Supplied data:

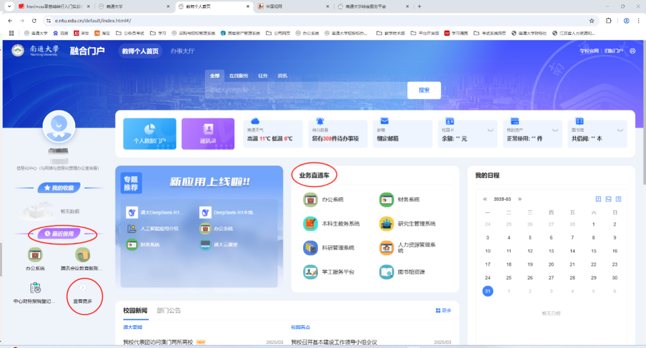 2.在“系统业务直通车”,“查看更多”,“最近应用”等位置点选办公系统、财务系统和学术通知等相关应用。
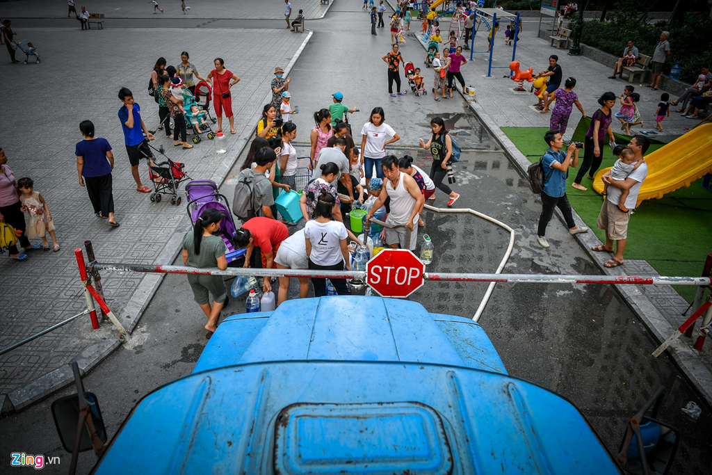 Người dân khu đô thị Linh Đàm (Hà Nội) xếp hàng chờ lấy nước sạch được hỗ trợ để ăn uống, sinh hoạt
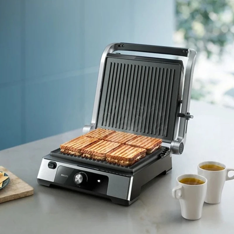 از کباب کردن بدون دردسر و طعم خوشمزه و کبابی غذاها لذت ببرید. گریل فیلیپس مدل HD6301/90 از سری 5000 محصولی فوق العاده باکیفیت با گرمایش سریع، بشقاب های قابل جدا شدن و تمیز کردن آسان تجربه کباب کردن انواع گوشت ها و مواد غذایی را بدون زحمت و معطلی زیاد ارائه می دهد. قدرت بالا برای پخت سریع شما را شگفت زده می کند. توان 2200 وات صفحات گریل را به سرعت گرم کرده و دمای دقیق و ثابتی را برای نتایج عالی حفظ می کند.
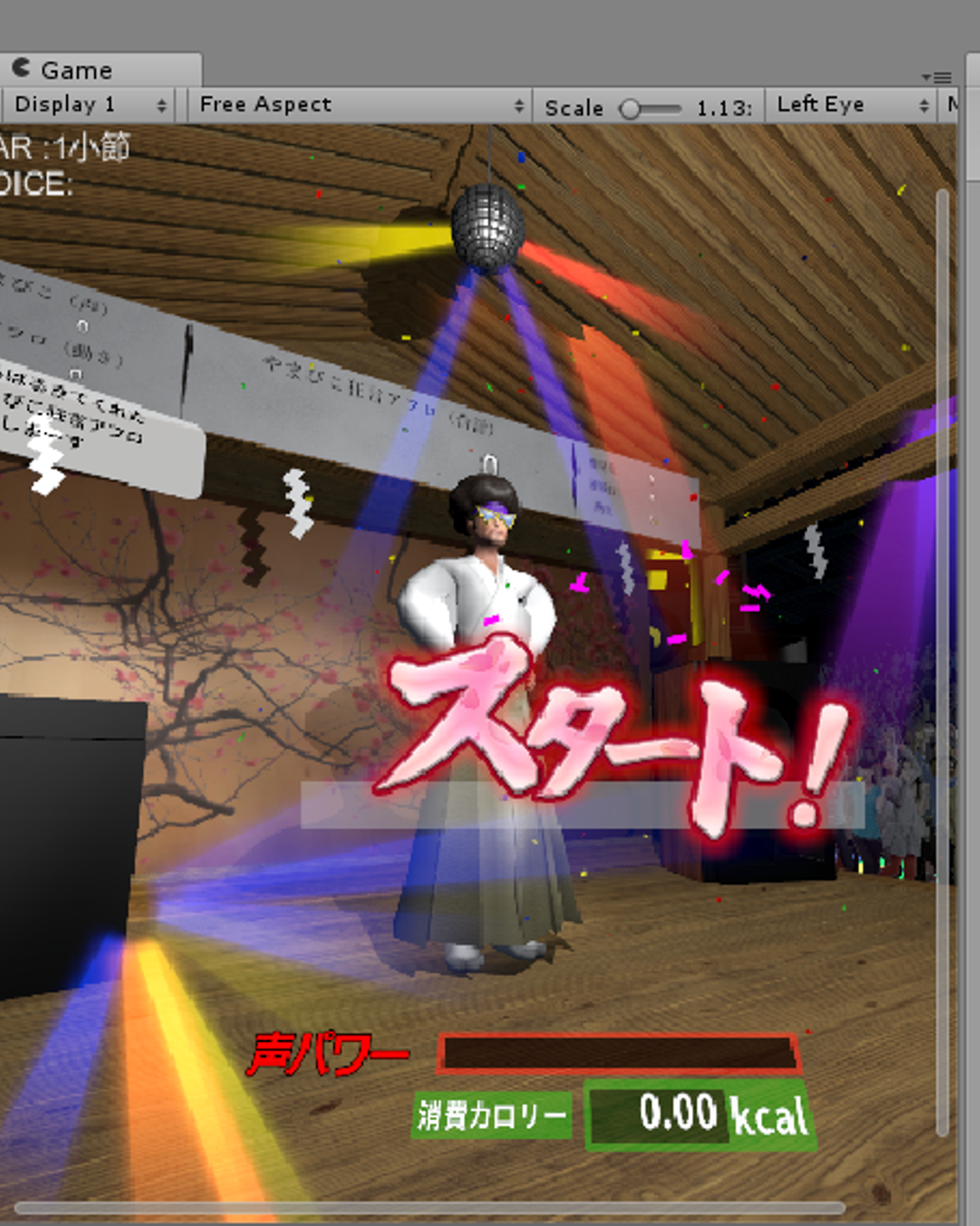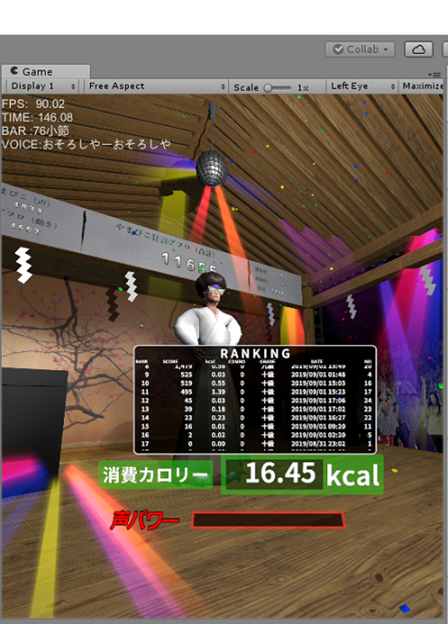 ゲーム画面が出来上がりました。プレイヤーの得点は師匠のお手本にどのくらい”やまびこ”(コール&レスポンス)ができたかに加え、声の大きさや消費カロリー、コンボ数が関係してきますので、プレイ中にそれぞれの状態が分かるよう表示しました。コンボはコンボ達成時に表示されます。
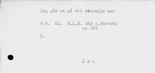 //// Jag går ut på det stbormiga hav //// 4:4. KO. S.L.S. 352 s.854-856 //// nr 359 //// N. //// ^ ÅBO //// ! ! //// I ////
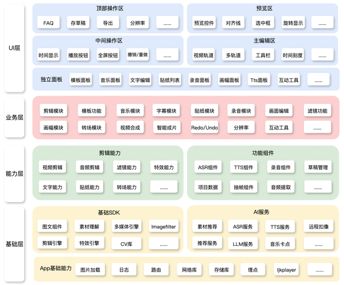 业务子模块级:按照剪辑、字幕、贴纸、音乐等不同的编辑业务进行模块拆分。
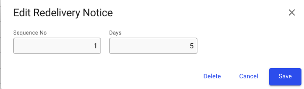 <figure><img src="https://content.gitbook.com/content/bpRXlpuknwnd2ADVp6vn/blobs/vVf3z00m9FRVAYVSsM0J/image.png" alt=""><figcaption><p>Edit Redelivery Notice modal with delete button</p></figcaption></figure>
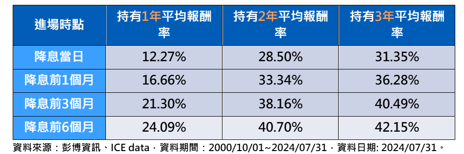 美國聯準會可望在9月啟動降息,市場高度期待,債券以及債券ETF可望迎來利多,大華銀投信指出,根據歷史經驗,在降息啟動前六個月布局長天期投資等級債並持有一年以上,平均報酬率可望超過2成;若在宣告降息當天才布局但仍持有一年以上,平均報酬率也有超過1成。若之前還在觀望的投資人,現在布局長天期投資等級債,仍不算太晚。
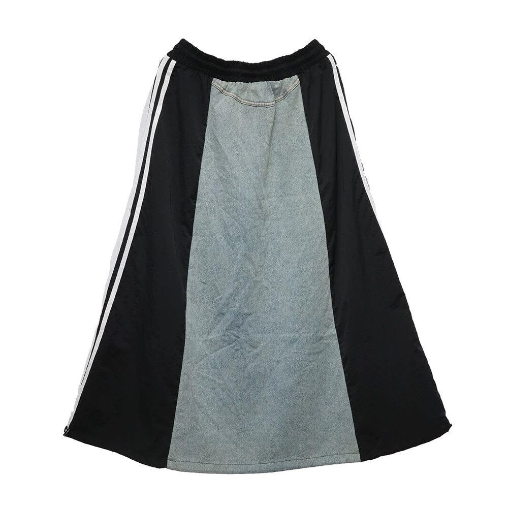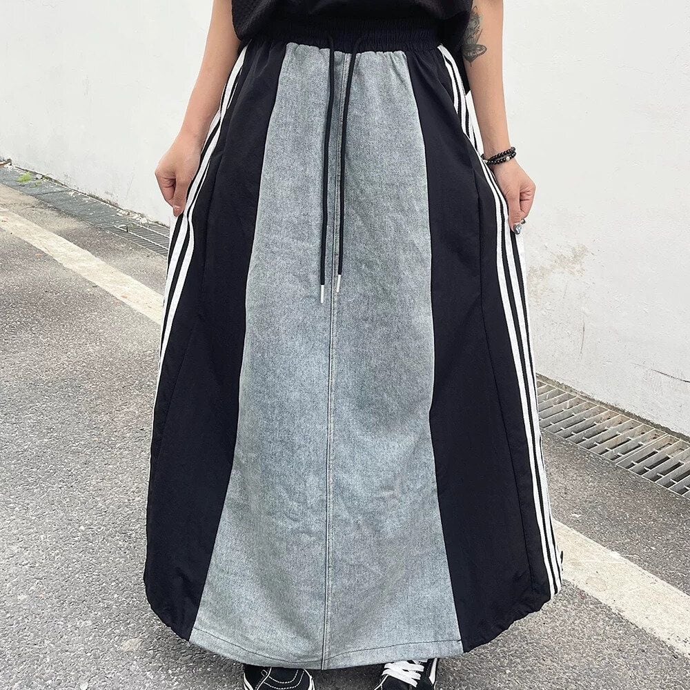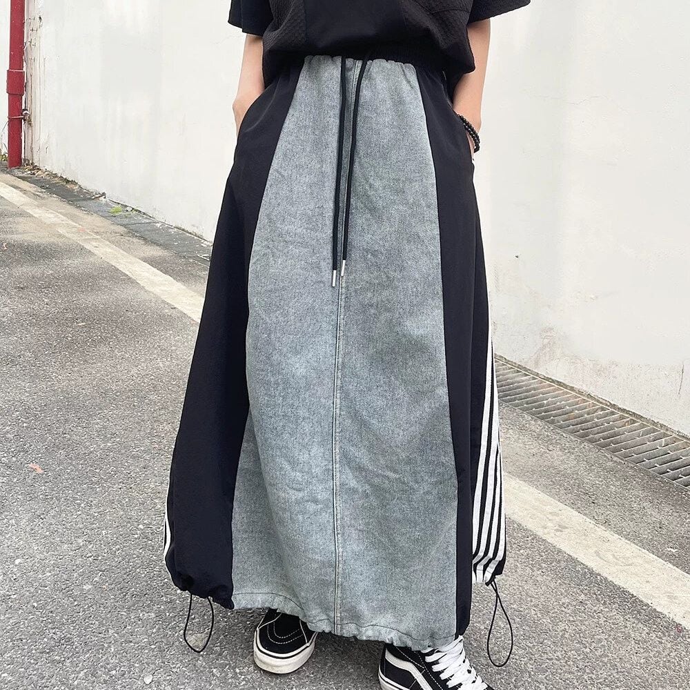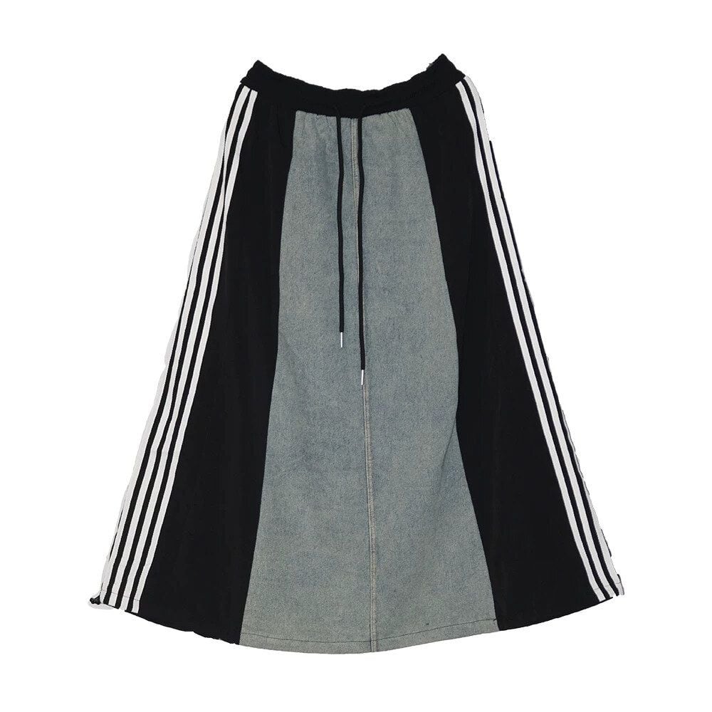 デニムとサイドラインのジャージのコントラストがお洒落な、Aライン・ロング丈のカジュアルスカートです。ウエストはゴムなので、着脱が簡単で履き心地が良いです。裾はサイドにドローコードが付いて、シルエットをアレンジできます。コーディネートの主役になる目を惹くアイテムです。色は3色から選べます。
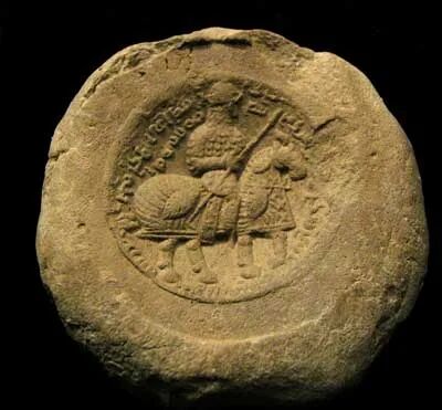 笔者的观点,正经表现武官或者武士形象的只有这种“将军印”,而且这类印章没有实物存世。所以大家就看看封泥吧,笔者特地找了件比较清晰的(可惜不是弯月的藏品)。可以看到连人带马全副武装的“骑士”,头盔应该是开合式的,周缘还垂有锁链甲。
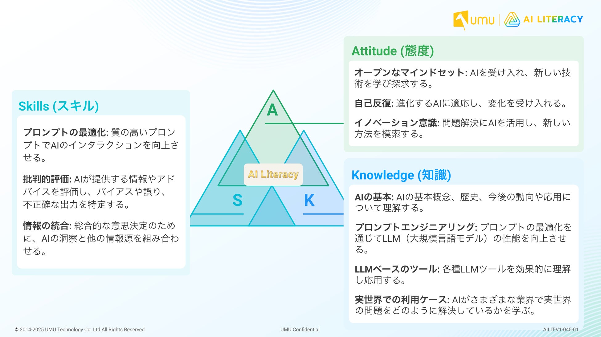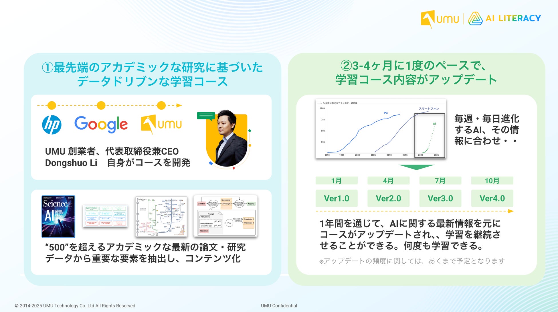 また、日本政府も「統合イノベーション戦略2024(※3)」に基づき、国としてAIリテラシーの向上を強力に推進しています。企業や個人が国際競争において優位に立つためにも、AIリテラシーの習得は避けられないテーマとなっています。そこでUMUは、AIリテラシーを身につけるためのオンライン講座をリリースし、AI活用の知識とスキルの普及に貢献しようと考えました。
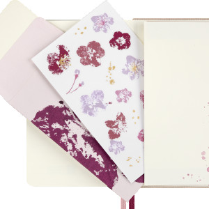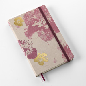 • farbiger Leinenumschlag mit einer einer Illustration zum Thema "Sakura"
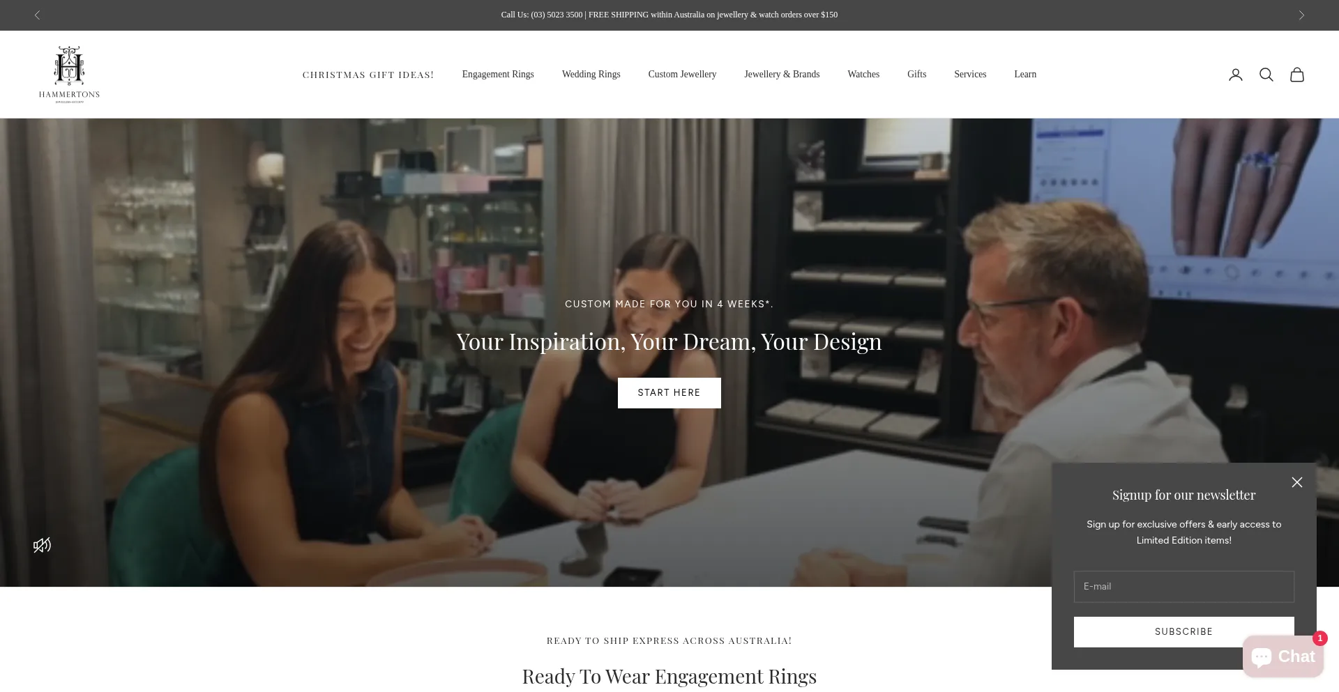 Specialising in Custom made jewellery, diamonds and exquisite jewellery, Hammerton's is proudly celebrating 146 years. Contact us today to discuss your special jewellery project.
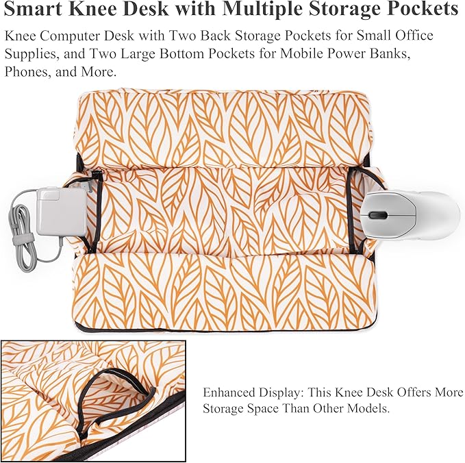 - More Storage Space for Your Convenience: With two storage pockets on the back and two large storage bags at the bottom, our lap desk provides ample space for your office items, power banks, and mobile phones.
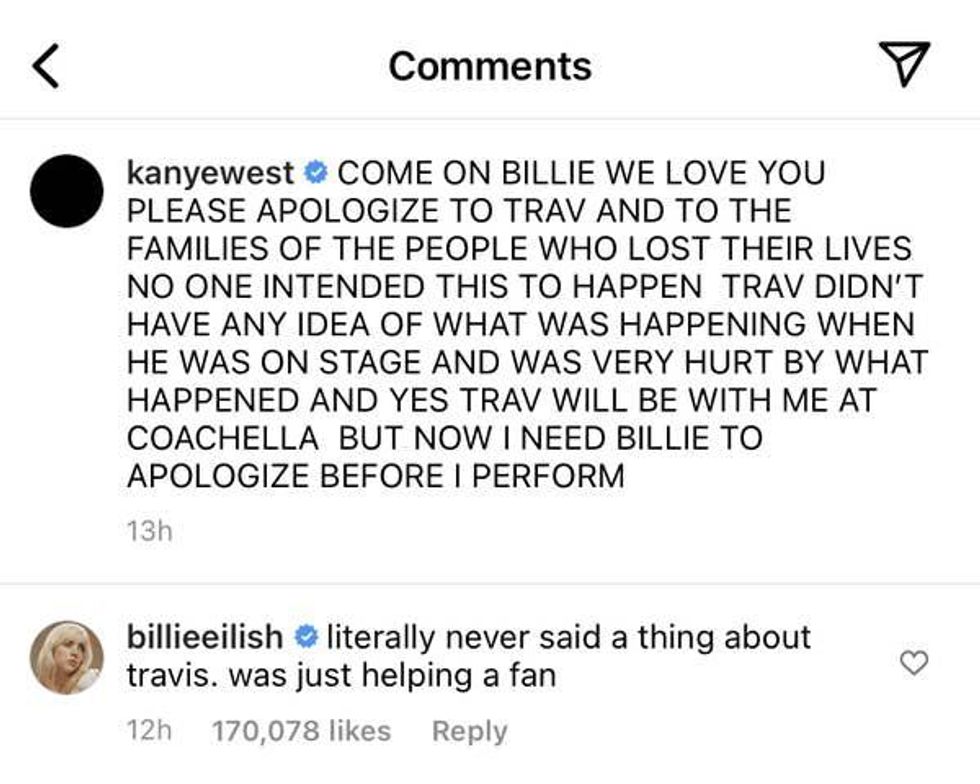 Ye quickly interpreted Billie's comment as a dig at rapper Travis Scott, who's been embroiled in controversy ever since crowd surges at his Astroworld Festival left ten dead and hundreds injured in November.

Task statement:
Go back to the records above and write them out exactly, without the pictures.

Written solution:
 2.在“系统业务直通车”,“查看更多”,“最近应用”等位置点选办公系统、财务系统和学术通知等相关应用。
 Người dân khu đô thị Linh Đàm (Hà Nội) xếp hàng chờ lấy nước sạch được hỗ trợ để ăn uống, sinh hoạt
 از کباب کردن بدون دردسر و طعم خوشمزه و کبابی غذاها لذت ببرید. گریل فیلیپس مدل HD6301/90 از سری 5000 محصولی فوق العاده باکیفیت با گرمایش سریع، بشقاب های قابل جدا شدن و تمیز کردن آسان تجربه کباب کردن انواع گوشت ها و مواد غذایی را بدون زحمت و معطلی زیاد ارائه می دهد. قدرت بالا برای پخت سریع شما را شگفت زده می کند. توان 2200 وات صفحات گریل را به سرعت گرم کرده و دمای دقیق و ثابتی را برای نتایج عالی حفظ می کند.
 ゲーム画面が出来上がりました。プレイヤーの得点は師匠のお手本にどのくらい”やまびこ”(コール&レスポンス)ができたかに加え、声の大きさや消費カロリー、コンボ数が関係してきますので、プレイ中にそれぞれの状態が分かるよう表示しました。コンボはコンボ達成時に表示されます。
 //// Jag går ut på det stbormiga hav //// 4:4. KO. S.L.S. 352 s.854-856 //// nr 359 //// N. //// ^ ÅBO //// ! ! //// I ////
 业务子模块级:按照剪辑、字幕、贴纸、音乐等不同的编辑业务进行模块拆分。
 <figure><img src="https://content.gitbook.com/content/bpRXlpuknwnd2ADVp6vn/blobs/vVf3z00m9FRVAYVSsM0J/image.png" alt=""><figcaption><p>Edit Redelivery Notice modal with delete button</p></figcaption></figure>
 美國聯準會可望在9月啟動降息,市場高度期待,債券以及債券ETF可望迎來利多,大華銀投信指出,根據歷史經驗,在降息啟動前六個月布局長天期投資等級債並持有一年以上,平均報酬率可望超過2成;若在宣告降息當天才布局但仍持有一年以上,平均報酬率也有超過1成。若之前還在觀望的投資人,現在布局長天期投資等級債,仍不算太晚。
 デニムとサイドラインのジャージのコントラストがお洒落な、Aライン・ロング丈のカジュアルスカートです。ウエストはゴムなので、着脱が簡単で履き心地が良いです。裾はサイドにドローコードが付いて、シルエットをアレンジできます。コーディネートの主役になる目を惹くアイテムです。色は3色から選べます。
 笔者的观点,正经表现武官或者武士形象的只有这种“将军印”,而且这类印章没有实物存世。所以大家就看看封泥吧,笔者特地找了件比较清晰的(可惜不是弯月的藏品)。可以看到连人带马全副武装的“骑士”,头盔应该是开合式的,周缘还垂有锁链甲。
 また、日本政府も「統合イノベーション戦略2024(※3)」に基づき、国としてAIリテラシーの向上を強力に推進しています。企業や個人が国際競争において優位に立つためにも、AIリテラシーの習得は避けられないテーマとなっています。そこでUMUは、AIリテラシーを身につけるためのオンライン講座をリリースし、AI活用の知識とスキルの普及に貢献しようと考えました。
 • farbiger Leinenumschlag mit einer einer Illustration zum Thema "Sakura"
 Specialising in Custom made jewellery, diamonds and exquisite jewellery, Hammerton's is proudly celebrating 146 years. Contact us today to discuss your special jewellery project.
 - More Storage Space for Your Convenience: With two storage pockets on the back and two large storage bags at the bottom, our lap desk provides ample space for your office items, power banks, and mobile phones.
 Ye quickly interpreted Billie's comment as a dig at rapper Travis Scott, who's been embroiled in controversy ever since crowd surges at his Astroworld Festival left ten dead and hundreds injured in November.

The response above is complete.